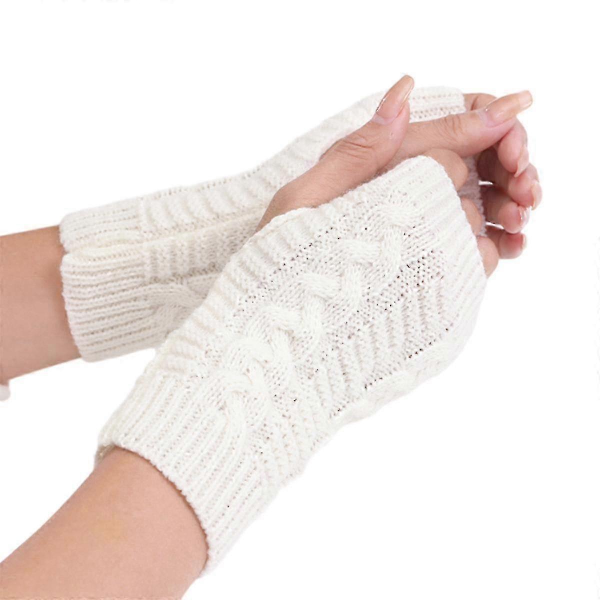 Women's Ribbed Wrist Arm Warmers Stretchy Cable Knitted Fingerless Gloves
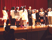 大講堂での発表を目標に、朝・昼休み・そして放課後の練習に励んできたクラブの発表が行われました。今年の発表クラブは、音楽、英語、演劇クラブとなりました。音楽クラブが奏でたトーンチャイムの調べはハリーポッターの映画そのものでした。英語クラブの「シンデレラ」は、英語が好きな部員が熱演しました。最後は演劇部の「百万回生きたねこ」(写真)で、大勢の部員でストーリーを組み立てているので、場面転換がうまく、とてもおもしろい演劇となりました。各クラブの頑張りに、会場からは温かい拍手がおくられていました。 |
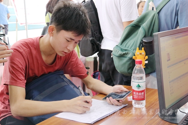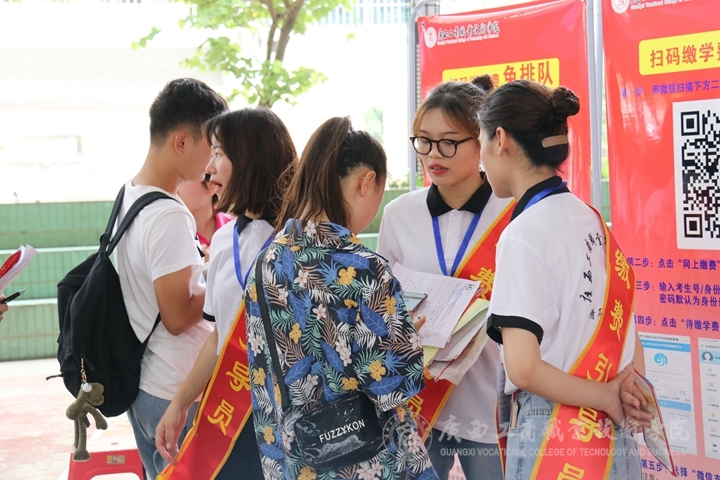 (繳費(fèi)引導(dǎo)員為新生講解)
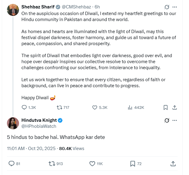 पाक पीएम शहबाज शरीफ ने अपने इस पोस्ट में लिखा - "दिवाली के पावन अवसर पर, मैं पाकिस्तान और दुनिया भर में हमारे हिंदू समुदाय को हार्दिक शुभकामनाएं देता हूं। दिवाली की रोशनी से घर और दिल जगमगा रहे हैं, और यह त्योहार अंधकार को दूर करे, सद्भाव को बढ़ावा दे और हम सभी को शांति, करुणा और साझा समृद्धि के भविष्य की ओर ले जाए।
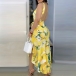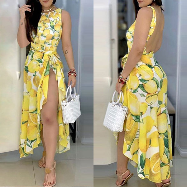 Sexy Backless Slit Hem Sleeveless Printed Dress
+===+
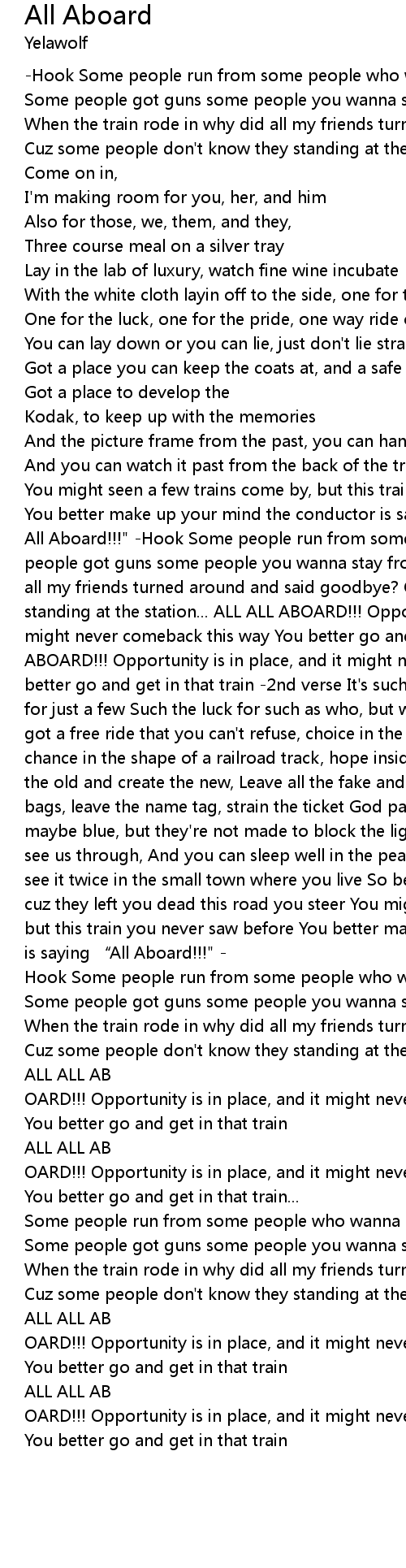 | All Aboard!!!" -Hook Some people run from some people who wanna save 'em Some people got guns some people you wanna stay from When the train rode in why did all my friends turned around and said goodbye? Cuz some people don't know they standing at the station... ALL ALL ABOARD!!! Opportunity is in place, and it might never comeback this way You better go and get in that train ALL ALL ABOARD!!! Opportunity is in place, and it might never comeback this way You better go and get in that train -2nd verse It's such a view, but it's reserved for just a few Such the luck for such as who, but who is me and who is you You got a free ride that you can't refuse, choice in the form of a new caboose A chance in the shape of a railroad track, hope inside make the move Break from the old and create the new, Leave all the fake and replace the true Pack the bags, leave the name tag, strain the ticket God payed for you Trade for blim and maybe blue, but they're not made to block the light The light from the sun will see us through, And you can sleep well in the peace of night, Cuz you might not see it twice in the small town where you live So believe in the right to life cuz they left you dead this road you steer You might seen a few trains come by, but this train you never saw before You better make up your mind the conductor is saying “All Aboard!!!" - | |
+===+
TASK STATEMENT: What are the lines in the records above, word for word, from the one containing "大講堂での発表を目標に、朝・" through the one containing "Sexy Backless Slit", both ends included and pictures left out?

ANSWER AREA:
 大講堂での発表を目標に、朝・昼休み・そして放課後の練習に励んできたクラブの発表が行われました。今年の発表クラブは、音楽、英語、演劇クラブとなりました。音楽クラブが奏でたトーンチャイムの調べはハリーポッターの映画そのものでした。英語クラブの「シンデレラ」は、英語が好きな部員が熱演しました。最後は演劇部の「百万回生きたねこ」(写真)で、大勢の部員でストーリーを組み立てているので、場面転換がうまく、とてもおもしろい演劇となりました。各クラブの頑張りに、会場からは温かい拍手がおくられていました。 |
 (繳費(fèi)引導(dǎo)員為新生講解)
 पाक पीएम शहबाज शरीफ ने अपने इस पोस्ट में लिखा - "दिवाली के पावन अवसर पर, मैं पाकिस्तान और दुनिया भर में हमारे हिंदू समुदाय को हार्दिक शुभकामनाएं देता हूं। दिवाली की रोशनी से घर और दिल जगमगा रहे हैं, और यह त्योहार अंधकार को दूर करे, सद्भाव को बढ़ावा दे और हम सभी को शांति, करुणा और साझा समृद्धि के भविष्य की ओर ले जाए।
 Sexy Backless Slit Hem Sleeveless Printed Dress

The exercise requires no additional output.